What brought him to this home, in this town full of the dead and the spiritually aware, was that within it was something a cut above the rest. A spiritual presence that wouldn’t taste like wet sand in his mouth. His mind failed to pick out the exact location of the person, too addled by hunger to think straight. But if he had to bite into a few rotten apples to find the only decent food he had seen in days, he would.
Shinigami and Hollows were too risky to fight and Rainier couldn’t trust the latter, either; even if they could help him. Arrancar could help him get home, but he found none so far. Even if he did, Rainier remained convinced that his terrible luck guaranteed another Arrancar without Descorrer, like himself, would find his way to his town.
Which left the young human woman, presumably, laid curled up under heavy, off-white comforters. The home around her seemed decently cozy, something a human would enjoy, and far more inviting than the chilled nighttime air that pricked against Rainier’s skin—if he still paid enough attention to feel it.
Even in his current state, a battle raged behind his emerald green eyes. To devour her, or not. The memory of the taste of a regular human still gave pause to his teeth and tongue alike. His breathing labored while he considered the options again, again, and again yet.
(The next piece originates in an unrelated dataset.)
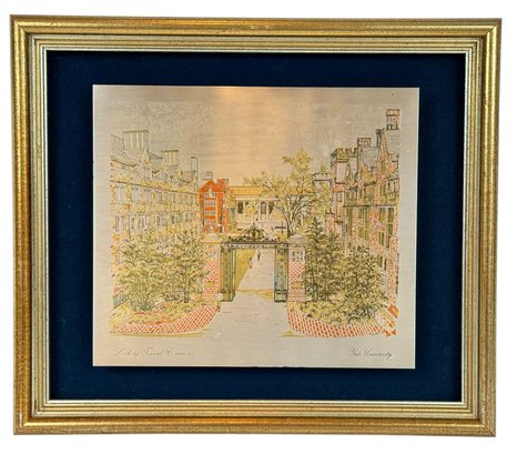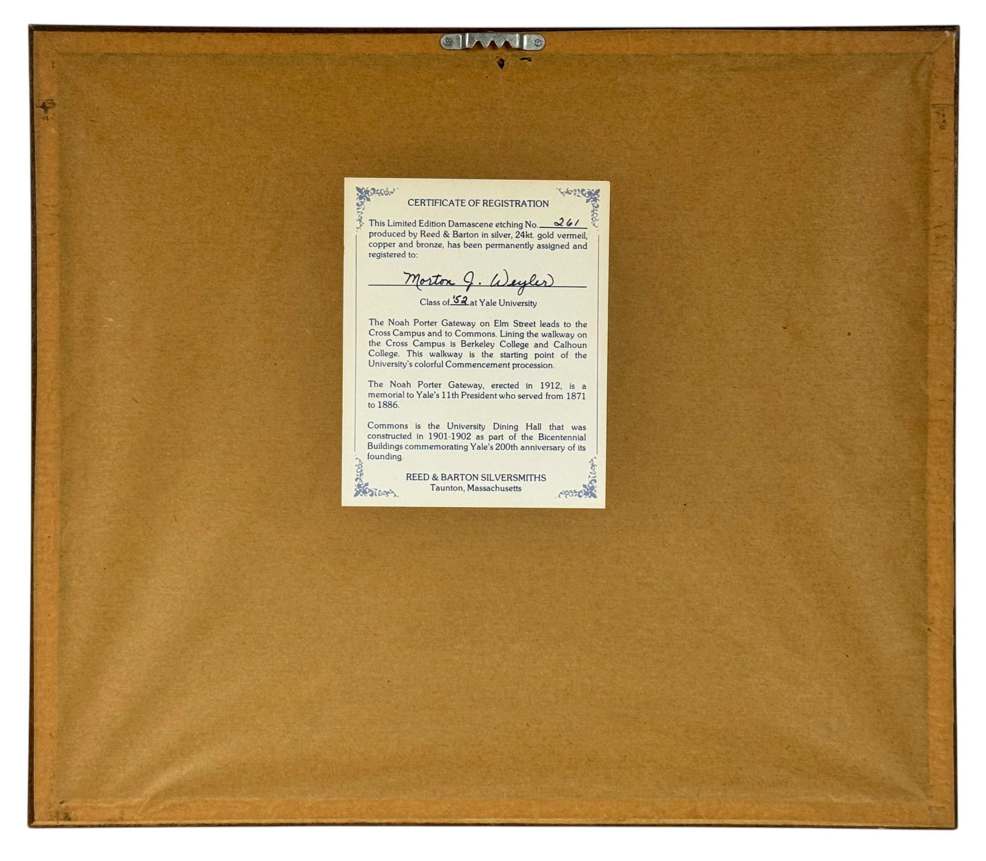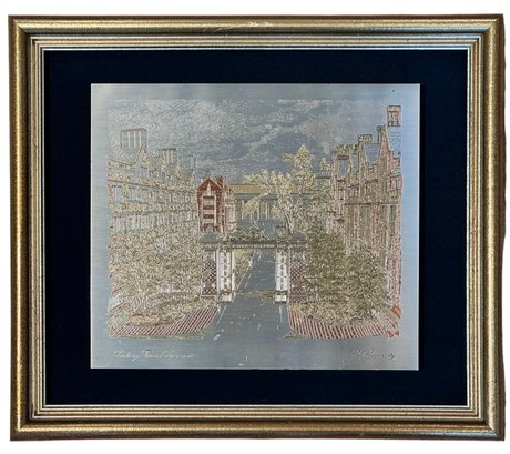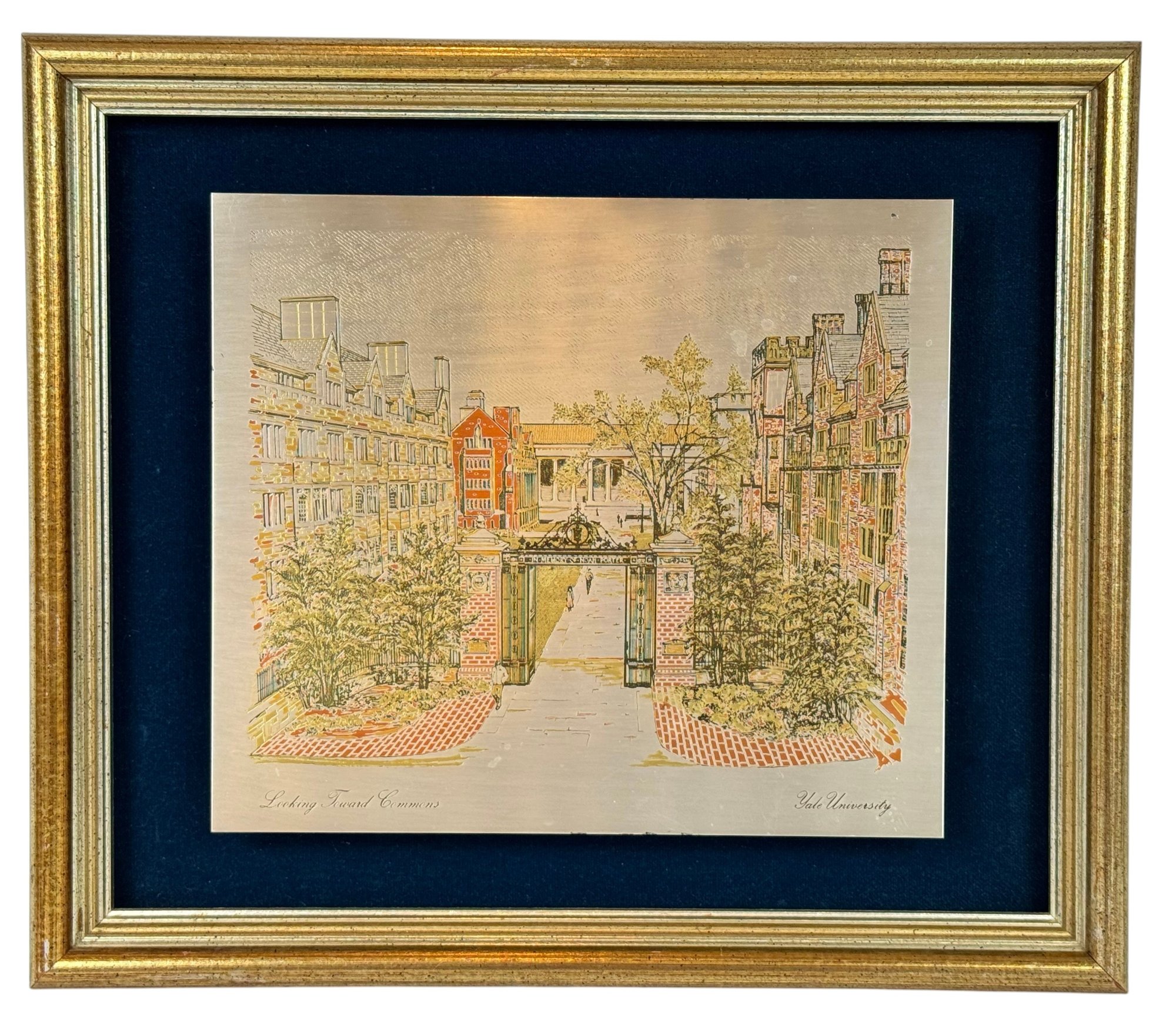 Limited Edition Damascene produced by Reed & Barton in silver, 24kt. gold vermeil, copper and bronze, "Looking Toward Commons" certificate of Registration number 261, of the Noah Porter Gateway on Elm St.

An arc from his swung, golden spear cleaved the window and part of the exterior wall open. The sheer force blasted the debris inwards and threw the human woman from her bed in a mass of sheets and limbs. She thudded against the ground just as Rainier’s white and black Las Noches boots crunched against the glass and rock scattered across the hardwood floor and plush, bedside rug.
A single thrust followed, one that pierced flesh, bone, and quilt alike. Blood sprayed into the sheets and dyed the fabric a deep crimson in seconds, even as the woman flailed and screamed and howled at the invisible spear rammed through her gut. Slowly, Rainier lifted her from the ground and allowed the clothes to fall.
She slept naked, Rainier noticed—and only because it meant he didn’t have to strip her clothes off.
His jaw unhinged, almost serpentine, only to snap shut with enough strength to shake the foundations of the rumbling home. Each time he did, he took a chunk of a limb, or her torso, with it. Blood sprayed relentlessly now and coated both Rainier’s dark hair, face, and the lavender drywall that surrounded them. Spatter patterns appeared on the white closet doors and the remaining windows in the room, cracked by Rainier’s appearance.
In less than a minute, the human woman was gone, save for a few chunks of half-chewed flesh that remained clung, by blood, to Rainier’s lips. He licked those clean with an inhumanly long tongue and made for the blood-covered door. As he made his way from the main pool, footsteps appeared—seemingly out of thin air, to any mundane, human observers.
A single punch from Rainier’s free hand threw the door from its hinges and into another part of the building.
The taste, in the face of his hunger, hardly bothered him at all. So, he decided, he would clear the entire home of humans. That way, he would certainly find the non-mundane one among the collection—a single, ripe apple in the rotten dozen.